При том темпе, который я задал, Ризвану идти было трудно. Слишком короткий шаг допускала веревка, спутывающая ноги. А за спиной у нас начали развиваться какие-то события. Признаться, я не сразу понял, что это за события. Но шум поднялся отменный, и эхо загуляло по всему ущелью различными отголосками угрожающего звука.
– Что это такое? – не понял Ризван. – Федералы?
Он сказал это и сам испугался, что дал мне подсказку. Ведь если за спиной у нас джамаат Билимханова нарвался на федералов, то путь его в сторону Кадимагомеда, естественно, пресекается. Но это было не утверждение. Это был вопрос, на который сам Ризван Дидигов ответить не мог, и я ответил не сразу. Но все же сказался опыт участия в боевых действиях. И, несмотря на то что эхо мешало разобрать звуки правильно, я разобрался с ними.
– Чуть-чуть смешнее. Смешно было бы нам с тобой от федералов убегать, но там еще смешнее дело обстоит.
– Что там?
– Твой брат напугал Асланбека.
– Не понял.
– У Асланбека или вообще нет минера, или минер малоопытный. Хотя, может быть, они просто решили время не тратить на поиск проходов, тем более что это мало что даст.
– По-человечески объяснить можешь?
– По-человечески пора было бы самому все понять. Делать проход в минном поле смысла нет. Они сделают проход, а мы с тобой, это минное поле зная, отлежимся где-то в стороне. Они всю полосу «зеленки» не охватят и двинутся по проходу мимо нас. И нас, таким образом, выпустят. Асланбек решил поступить правильно.
Я еще минуту послушал и определил, из каких видов оружия стреляют.
– У Билимханова два пулемета, два гранатомета «РПГ-7», а уж сколько автоматов, то этого я сосчитать не могу~
– И что?
– Они расстреливают минное поле и кусты. Видимо, вышли за ручей и начали «чесать» всю полосу «зеленки»~ Кажется, три или четыре мины взорвались. В разных местах. И все остальные места простреляны.
– Зачем?
– Если мы там лежим, это на нас страху нагонит и заставит побежать. Как только побежим, они стрелять прекратят, чтобы нас не задеть. Если мы там не лежим, это тем более нагонит на нас страху и, опять же, заставит побежать в сторону засады. Все правильно. «Загонщики» свою работу знают и гонят «дичь» на охотников. «Загонщики» всегда сильно шумят. Работа у них такая шумная.

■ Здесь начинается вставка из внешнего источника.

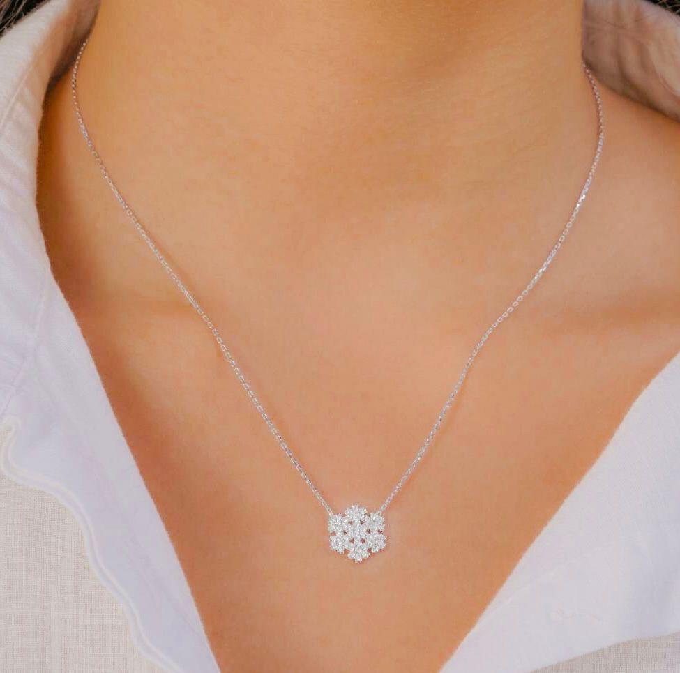Description This delicate Snowflake Necklace with White Zircon stones is crafted from 925 sterling silver with a polished finish. A timeless design symbolizing purity and uniqueness, perfect for everyday wear or as a thoughtful gift for someone special.

Но пока шумная работа не заставила нас бежать. Мы как шли быстрым шагом, стараясь создать временную дистанцию, необходимую на время переговоров с Кадимагомедом, и сохранить ее, так и продолжали идти.
– Если здесь направо свернуть, – подсказал я, – как раз на место боя можно выйти. Запоминай, где тела забирать будете.

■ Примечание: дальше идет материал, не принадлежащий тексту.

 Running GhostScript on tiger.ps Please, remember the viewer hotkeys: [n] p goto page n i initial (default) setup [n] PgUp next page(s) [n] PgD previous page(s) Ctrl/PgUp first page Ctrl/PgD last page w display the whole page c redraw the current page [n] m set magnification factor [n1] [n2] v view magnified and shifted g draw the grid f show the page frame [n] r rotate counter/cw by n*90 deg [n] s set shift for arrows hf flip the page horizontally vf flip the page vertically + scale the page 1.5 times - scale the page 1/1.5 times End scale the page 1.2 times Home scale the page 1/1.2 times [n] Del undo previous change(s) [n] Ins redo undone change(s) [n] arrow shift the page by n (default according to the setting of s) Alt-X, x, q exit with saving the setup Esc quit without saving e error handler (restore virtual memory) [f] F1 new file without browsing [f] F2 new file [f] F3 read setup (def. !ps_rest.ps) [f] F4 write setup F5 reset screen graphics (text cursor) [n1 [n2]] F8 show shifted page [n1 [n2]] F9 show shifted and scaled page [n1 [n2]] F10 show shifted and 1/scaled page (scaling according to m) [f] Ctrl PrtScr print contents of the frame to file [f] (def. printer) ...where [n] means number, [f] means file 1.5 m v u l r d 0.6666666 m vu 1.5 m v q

Это была моя маленькая хитрость. Я таким образом расслаблял Ризвана, уже откровенно говоря, что он скоро будет свободен. Вроде бы и не обещал конкретно, и вроде бы дал понять, что вопрос решен. Он должен понять эту фразу так, как ему хочется понимать. Каждый человек старается понять двусмысленность в свою пользу, и это естественный процесс. И я сразу заметил, как оживился Ризван, как стал более бодрым его шаг.
Но идти нам оставалось совсем немного. Я издали заметил след протектора машины, смявший траву на откосе дороги. Кадимагомед не пожелал, конечно же, оставлять свой «уазик» как опознавательный знак для меня, а выбрал место и перегнал машину через ручей, чтобы спрятать ее в «зеленке». Значит, первые посты должны были вот-вот заметить нас, если еще не заметили.

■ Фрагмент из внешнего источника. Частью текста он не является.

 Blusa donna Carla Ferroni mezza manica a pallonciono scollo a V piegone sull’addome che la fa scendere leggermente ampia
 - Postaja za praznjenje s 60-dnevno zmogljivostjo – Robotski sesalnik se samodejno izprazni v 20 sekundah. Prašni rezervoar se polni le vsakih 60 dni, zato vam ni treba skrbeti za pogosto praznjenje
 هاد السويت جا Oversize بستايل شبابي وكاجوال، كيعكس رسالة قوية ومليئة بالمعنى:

– Присядем, – не приказал, а словно бы предложил я и вытащил гранату.
Ризван сел. Ему, конечно, по-прежнему связанному, даже садиться было неудобно. Но ходить со связанными ногами, семеня, когда под ногами камни, причем не всегда мелкие, трудно, и ноги устали.
– А теперь кричи.
– Что кричать? – Он понял сразу, что мы подошли к месту вплотную.
– Зови Кадимагомеда. И еще запомни. Все переговоры ведутся только на государственном языке страны, где они проходят. Уловил?
– Не понял.
– Говорите между собой только по-русски. Сразу предупреди Кадимагомеда. Если перейдете на чеченский, разговор прекратится.
Ризван зло стрельнул в меня взглядом. Он, должно быть, надеялся на это свое преимущество. Взгляд его мне не понравился. Это уже значит, что он не собирался придерживаться договоренностей. Но я свои меры принять готов всегда. И если раньше думал обойтись ножом, то теперь выбрал более устрашающий вариант, сорвал с гранаты кольцо и зажал чеку пальцами. Ризван мои действия заметил.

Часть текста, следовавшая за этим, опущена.